After our sessions Judie and I corresponded, discussing the content of her dreams. In trauma, much of the information bypasses the body’s natural way to integrate the events of the day within our long-term memory, which we experience as the past. In our experience, early in the process, dreams typically reflect efforts to integrate the very themes of the work in ART and will gradually move to a more balanced processing of today’s experiences. This is something we especially see on retreats for combat veterans. It’s not only amazing to see the distress around events return to an expected level of emotional expression but to see individuals experience the sleep and rest that has been eluding them due to trauma.
I am inspired by those I have had the privilege to spend time with, especially those who share their story in the hope that others can find resolution and peace from the storms of the past. Working with trauma has affirmed my faith in the human spirit.

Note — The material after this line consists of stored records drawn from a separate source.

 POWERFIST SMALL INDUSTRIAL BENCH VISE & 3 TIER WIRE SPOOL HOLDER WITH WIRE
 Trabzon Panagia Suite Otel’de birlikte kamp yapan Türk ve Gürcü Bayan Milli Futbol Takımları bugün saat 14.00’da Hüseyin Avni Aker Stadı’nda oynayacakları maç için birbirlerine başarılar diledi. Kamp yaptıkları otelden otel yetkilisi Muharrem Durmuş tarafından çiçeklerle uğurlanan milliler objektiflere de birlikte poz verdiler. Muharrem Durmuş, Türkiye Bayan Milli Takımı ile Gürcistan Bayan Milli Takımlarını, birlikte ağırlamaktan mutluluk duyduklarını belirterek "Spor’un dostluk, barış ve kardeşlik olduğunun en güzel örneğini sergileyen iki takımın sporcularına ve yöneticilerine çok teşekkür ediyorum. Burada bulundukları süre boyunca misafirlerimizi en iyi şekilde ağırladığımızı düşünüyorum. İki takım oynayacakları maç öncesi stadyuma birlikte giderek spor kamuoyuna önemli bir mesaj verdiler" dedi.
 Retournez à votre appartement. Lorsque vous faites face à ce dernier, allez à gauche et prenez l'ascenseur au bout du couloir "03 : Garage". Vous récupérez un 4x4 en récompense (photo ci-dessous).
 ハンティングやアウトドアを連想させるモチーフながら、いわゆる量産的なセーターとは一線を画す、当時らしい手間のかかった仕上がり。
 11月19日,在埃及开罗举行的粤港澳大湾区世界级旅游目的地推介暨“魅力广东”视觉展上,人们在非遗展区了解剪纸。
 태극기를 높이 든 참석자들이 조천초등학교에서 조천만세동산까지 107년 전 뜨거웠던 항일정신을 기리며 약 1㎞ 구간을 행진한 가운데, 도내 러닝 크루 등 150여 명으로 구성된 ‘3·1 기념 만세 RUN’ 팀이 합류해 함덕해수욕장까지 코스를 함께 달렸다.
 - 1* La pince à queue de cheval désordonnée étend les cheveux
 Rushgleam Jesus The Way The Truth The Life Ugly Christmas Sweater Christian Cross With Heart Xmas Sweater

It is a privileged window into personal experiences as well as those of larger events, like working with Veterans and survivors of 9-11. I have witnessed how individuals not only struggle with the pain of loss, abuse and neglect, but there is the struggle to be heard, to be one’s own person, and to risk it all for a sibling or bother in arms. This time with Judie continues to affirm my faith in what is possible. Even as she sorted through her painful events, what emerged was the story of a feisty, brave woman who took on challenges no matter how difficult. She learned from her experiences and continues to openly share that experience and wisdom with others. All in the hope of connecting them to something deeper that can help us become greater than our circumstances. The beauty of this trauma work is that one can move from the details of an experience, to what might or could have been, to simply it has been, to it was. And those memories find new homes in the chapters where they belong. They fade into the past, making room for us to be more present and aware today.